● **Task statement**
The records below need to be restated word for word.

[Supplied records Boundary: Start]

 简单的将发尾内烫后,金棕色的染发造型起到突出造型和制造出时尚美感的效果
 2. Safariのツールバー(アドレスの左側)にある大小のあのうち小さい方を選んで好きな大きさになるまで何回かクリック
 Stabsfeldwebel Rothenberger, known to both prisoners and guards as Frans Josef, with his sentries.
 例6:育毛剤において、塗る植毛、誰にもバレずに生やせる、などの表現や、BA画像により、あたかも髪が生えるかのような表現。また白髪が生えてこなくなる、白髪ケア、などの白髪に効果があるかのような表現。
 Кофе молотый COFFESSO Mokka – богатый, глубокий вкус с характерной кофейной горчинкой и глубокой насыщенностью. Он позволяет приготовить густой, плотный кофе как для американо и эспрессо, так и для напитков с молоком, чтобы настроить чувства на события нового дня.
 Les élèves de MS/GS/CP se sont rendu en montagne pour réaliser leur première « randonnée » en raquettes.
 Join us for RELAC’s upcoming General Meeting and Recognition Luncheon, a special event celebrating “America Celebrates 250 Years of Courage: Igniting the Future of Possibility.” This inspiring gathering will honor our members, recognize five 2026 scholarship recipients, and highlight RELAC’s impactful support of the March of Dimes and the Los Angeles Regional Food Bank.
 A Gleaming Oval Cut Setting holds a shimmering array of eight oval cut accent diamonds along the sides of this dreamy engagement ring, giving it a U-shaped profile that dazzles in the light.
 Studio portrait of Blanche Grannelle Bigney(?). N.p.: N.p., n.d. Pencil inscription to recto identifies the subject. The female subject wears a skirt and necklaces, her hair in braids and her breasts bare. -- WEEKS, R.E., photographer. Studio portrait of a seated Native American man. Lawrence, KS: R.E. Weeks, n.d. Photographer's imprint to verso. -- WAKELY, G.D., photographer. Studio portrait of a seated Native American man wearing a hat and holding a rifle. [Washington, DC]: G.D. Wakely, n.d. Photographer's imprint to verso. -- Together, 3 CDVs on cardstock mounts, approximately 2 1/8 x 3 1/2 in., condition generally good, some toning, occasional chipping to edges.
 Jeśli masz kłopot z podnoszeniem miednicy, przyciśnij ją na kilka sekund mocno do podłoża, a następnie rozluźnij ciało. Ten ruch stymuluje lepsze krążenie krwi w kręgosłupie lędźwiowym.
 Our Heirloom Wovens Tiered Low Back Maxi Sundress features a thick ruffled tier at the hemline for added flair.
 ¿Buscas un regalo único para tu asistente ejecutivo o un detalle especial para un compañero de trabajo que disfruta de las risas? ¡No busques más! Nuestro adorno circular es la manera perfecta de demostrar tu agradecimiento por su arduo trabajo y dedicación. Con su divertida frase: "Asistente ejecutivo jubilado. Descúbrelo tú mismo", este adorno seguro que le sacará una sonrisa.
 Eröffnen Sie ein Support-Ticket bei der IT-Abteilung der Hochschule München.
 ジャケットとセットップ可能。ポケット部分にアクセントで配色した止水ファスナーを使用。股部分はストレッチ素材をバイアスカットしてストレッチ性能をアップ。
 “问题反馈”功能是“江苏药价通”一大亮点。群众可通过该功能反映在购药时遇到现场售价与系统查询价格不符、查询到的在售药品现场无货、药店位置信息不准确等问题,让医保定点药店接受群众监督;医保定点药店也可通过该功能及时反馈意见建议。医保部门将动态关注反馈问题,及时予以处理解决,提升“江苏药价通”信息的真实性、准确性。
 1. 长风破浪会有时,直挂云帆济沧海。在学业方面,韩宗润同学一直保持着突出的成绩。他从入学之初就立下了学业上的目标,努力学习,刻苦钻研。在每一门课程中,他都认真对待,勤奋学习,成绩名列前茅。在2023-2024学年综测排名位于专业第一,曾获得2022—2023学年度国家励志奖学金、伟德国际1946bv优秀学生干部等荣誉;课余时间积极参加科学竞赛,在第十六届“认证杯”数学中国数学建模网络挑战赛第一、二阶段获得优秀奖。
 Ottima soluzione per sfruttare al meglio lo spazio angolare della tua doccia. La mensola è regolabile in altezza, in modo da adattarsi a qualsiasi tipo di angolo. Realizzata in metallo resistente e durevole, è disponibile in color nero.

[Supplied records Boundary: End]

● **Result**
 简单的将发尾内烫后,金棕色的染发造型起到突出造型和制造出时尚美感的效果
 2. Safariのツールバー(アドレスの左側)にある大小のあのうち小さい方を選んで好きな大きさになるまで何回かクリック
 Stabsfeldwebel Rothenberger, known to both prisoners and guards as Frans Josef, with his sentries.
 例6:育毛剤において、塗る植毛、誰にもバレずに生やせる、などの表現や、BA画像により、あたかも髪が生えるかのような表現。また白髪が生えてこなくなる、白髪ケア、などの白髪に効果があるかのような表現。
 Кофе молотый COFFESSO Mokka – богатый, глубокий вкус с характерной кофейной горчинкой и глубокой насыщенностью. Он позволяет приготовить густой, плотный кофе как для американо и эспрессо, так и для напитков с молоком, чтобы настроить чувства на события нового дня.
 Les élèves de MS/GS/CP se sont rendu en montagne pour réaliser leur première « randonnée » en raquettes.
 Join us for RELAC’s upcoming General Meeting and Recognition Luncheon, a special event celebrating “America Celebrates 250 Years of Courage: Igniting the Future of Possibility.” This inspiring gathering will honor our members, recognize five 2026 scholarship recipients, and highlight RELAC’s impactful support of the March of Dimes and the Los Angeles Regional Food Bank.
 A Gleaming Oval Cut Setting holds a shimmering array of eight oval cut accent diamonds along the sides of this dreamy engagement ring, giving it a U-shaped profile that dazzles in the light.
 Studio portrait of Blanche Grannelle Bigney(?). N.p.: N.p., n.d. Pencil inscription to recto identifies the subject. The female subject wears a skirt and necklaces, her hair in braids and her breasts bare. -- WEEKS, R.E., photographer. Studio portrait of a seated Native American man. Lawrence, KS: R.E. Weeks, n.d. Photographer's imprint to verso. -- WAKELY, G.D., photographer. Studio portrait of a seated Native American man wearing a hat and holding a rifle. [Washington, DC]: G.D. Wakely, n.d. Photographer's imprint to verso. -- Together, 3 CDVs on cardstock mounts, approximately 2 1/8 x 3 1/2 in., condition generally good, some toning, occasional chipping to edges.
 Jeśli masz kłopot z podnoszeniem miednicy, przyciśnij ją na kilka sekund mocno do podłoża, a następnie rozluźnij ciało. Ten ruch stymuluje lepsze krążenie krwi w kręgosłupie lędźwiowym.
 Our Heirloom Wovens Tiered Low Back Maxi Sundress features a thick ruffled tier at the hemline for added flair.
 ¿Buscas un regalo único para tu asistente ejecutivo o un detalle especial para un compañero de trabajo que disfruta de las risas? ¡No busques más! Nuestro adorno circular es la manera perfecta de demostrar tu agradecimiento por su arduo trabajo y dedicación. Con su divertida frase: "Asistente ejecutivo jubilado. Descúbrelo tú mismo", este adorno seguro que le sacará una sonrisa.
 Eröffnen Sie ein Support-Ticket bei der IT-Abteilung der Hochschule München.
 ジャケットとセットップ可能。ポケット部分にアクセントで配色した止水ファスナーを使用。股部分はストレッチ素材をバイアスカットしてストレッチ性能をアップ。
 “问题反馈”功能是“江苏药价通”一大亮点。群众可通过该功能反映在购药时遇到现场售价与系统查询价格不符、查询到的在售药品现场无货、药店位置信息不准确等问题,让医保定点药店接受群众监督;医保定点药店也可通过该功能及时反馈意见建议。医保部门将动态关注反馈问题,及时予以处理解决,提升“江苏药价通”信息的真实性、准确性。
 1. 长风破浪会有时,直挂云帆济沧海。在学业方面,韩宗润同学一直保持着突出的成绩。他从入学之初就立下了学业上的目标,努力学习,刻苦钻研。在每一门课程中,他都认真对待,勤奋学习,成绩名列前茅。在2023-2024学年综测排名位于专业第一,曾获得2022—2023学年度国家励志奖学金、伟德国际1946bv优秀学生干部等荣誉;课余时间积极参加科学竞赛,在第十六届“认证杯”数学中国数学建模网络挑战赛第一、二阶段获得优秀奖。
 Ottima soluzione per sfruttare al meglio lo spazio angolare della tua doccia. La mensola è regolabile in altezza, in modo da adattarsi a qualsiasi tipo di angolo. Realizzata in metallo resistente e durevole, è disponibile in color nero.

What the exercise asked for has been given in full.